Given my recent movement in academic research towards gender and embodiment in cinema, both in traditional genres like horror, as well as newer, more unconventional examples, mostly related to non-human/robotic bodies, I have tended to read recent films with this lens upon each text.  While, I will admit it has proven to be an overextension in a few cases, with something like The Housemaid body is not only worth considering, but is absolutely essential to the narrative.  Take for example Ki-young's decided fascination with the disabled body in the film, his choice to included Ae-soon is at first suggestive of problematic exploitation, however, on second consideration one understands that in both melodrama and horror the disabled figure often represent the point of suffering and even decided anger in the case of the latter genre.  Here, Ae-soon, is not the point of ultimate suffering, because individuals like Piano Teacher exist in a state of han, or notion of suffering based on unfair oppression, a term unique to Korean culture and usually evidenced in a larger collective notion.  Many Korean thrillers pull the idea of han to invoke a knowing subtext related to elements such as colonialism or class-based oppression, these ideas are popular in works like Mother or the Whispering Corridors franchise.  Here han is a decidedly privileged feeling and what is often embodied physically, instead becomes something reappropriated for a privileged individual to feel as though he is suffering, despite being well-to-do and only responsible for his own terrible decisions.  Furthermore, body becomes a class-based signifier as well, wherein the rats that appear throughout the film, both evidence a breaking from hegemonic and socially prescribed structures to something deem unsavory and indicative of the lowest of classes, in that rats represent the sewers and streets.  I say this to suggest that the very rats that Maid kills represent her own attempt to destroy her classed body, yet when it is her ability to convince Piano Teacher to commit suicide via poison, it becomes rather clear that he too is capable of embodying a rat.
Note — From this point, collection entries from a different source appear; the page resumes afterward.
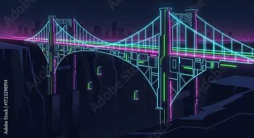 Fototapeta premium Neon Bridge at Night.
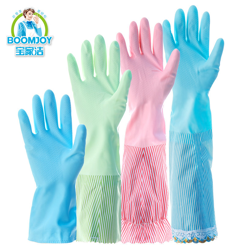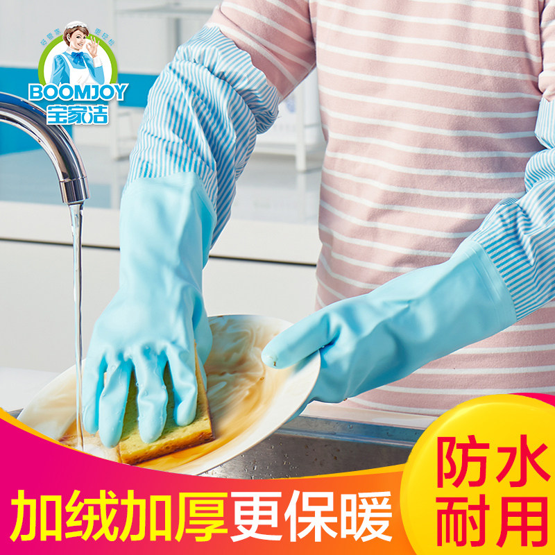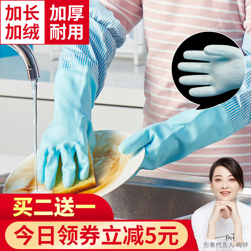 Washing dishes gloves female kitchen household latex rubber winter washing clothes plus velvet thickening warm waterproof and durable housework
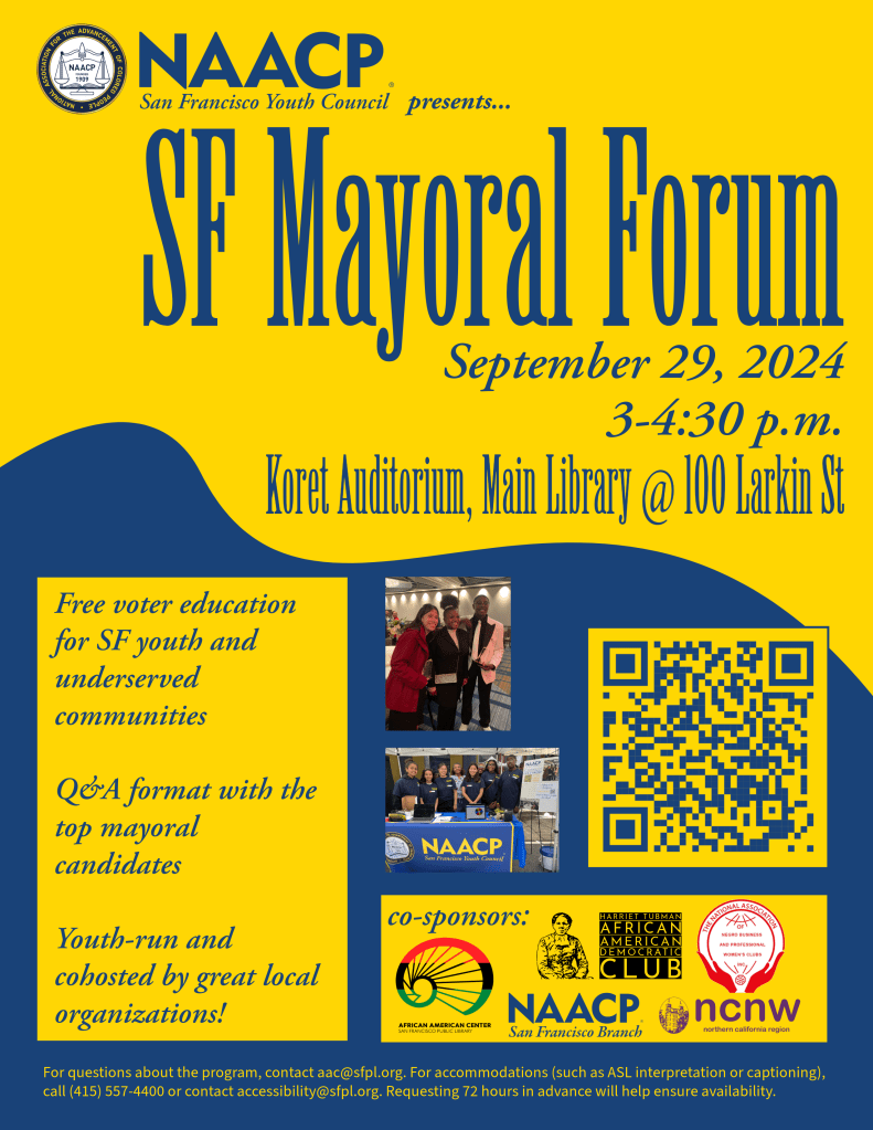 We are hosting a mayoral forum with the Harriet Tubman African American Democratic Club, the adult SF NAACP Branch, the SF BPWC, the SFPL African American Center, the Northern California Region of the NCNW, and more organizations to come, to give youth and other voters a chance to hear from top mayoral candidates in a Q&A-style forum, moderated by the youth.
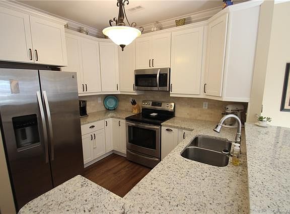 This townhome features a newly remodeled kitchen with new granite counter tops, new tile backsplash, & new stainless steel appliances. Huge Master Suite on the main level. The master suite features a large walk in closet, dual vanity sinks, & a garden tub. Vaulted Ceilings in the living room. New light fixtures and ceiling fans throughout. New carpet on the stairs and all of the 2nd floor. New roof on the building in 2018. Laundry hook ups downstairs and upstairs.
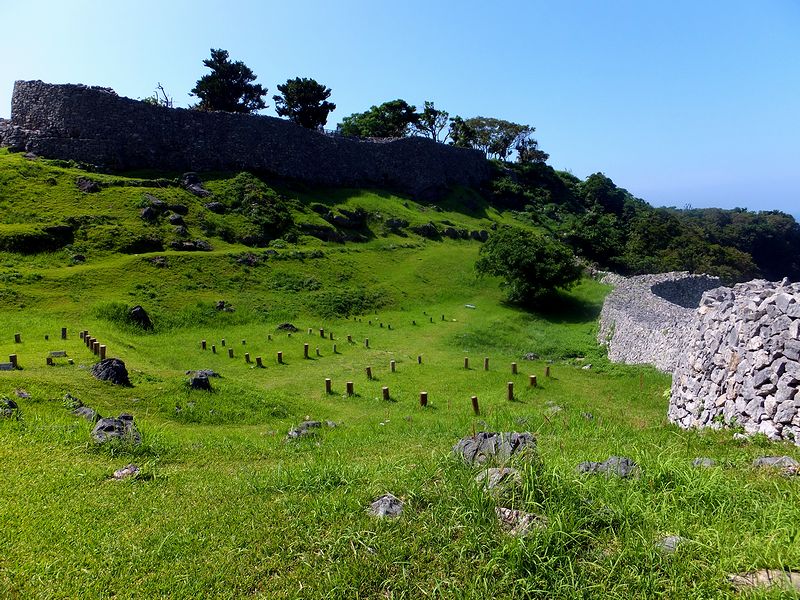 主郭の更に奥というか外側にある郭が、この志慶真門郭(しじまじょうかく)。地面から生えている短い丸太は、郭に有った掘立柱建物跡をあらわしています。で、この更に奥というか山手方向の石積の外には、志慶真ムラが有ったそうで。

Of course, body works in other ways throughout the film, just as psychoanalysis, Marxist class ideals and many other readings would, it only speaks to The Housemaid as a rich cinematic text.
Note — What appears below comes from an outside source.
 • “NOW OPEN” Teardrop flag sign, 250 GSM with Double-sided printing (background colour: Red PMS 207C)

Key Scene:  The water spiting scene is great, but there is also a scene that falls apart on itself, here literally, due to the lack of a complete copy being available.  In the context of the scene and its suggestion of a psychotic break, it would appear as if the loss of these few frames was predestined from its inception, working in a similar way to Bergman's Persona.

I plan to obtain this as part of the World Film Heritage box set, but it is also available on Hulu, so viewing is subject to multiple options.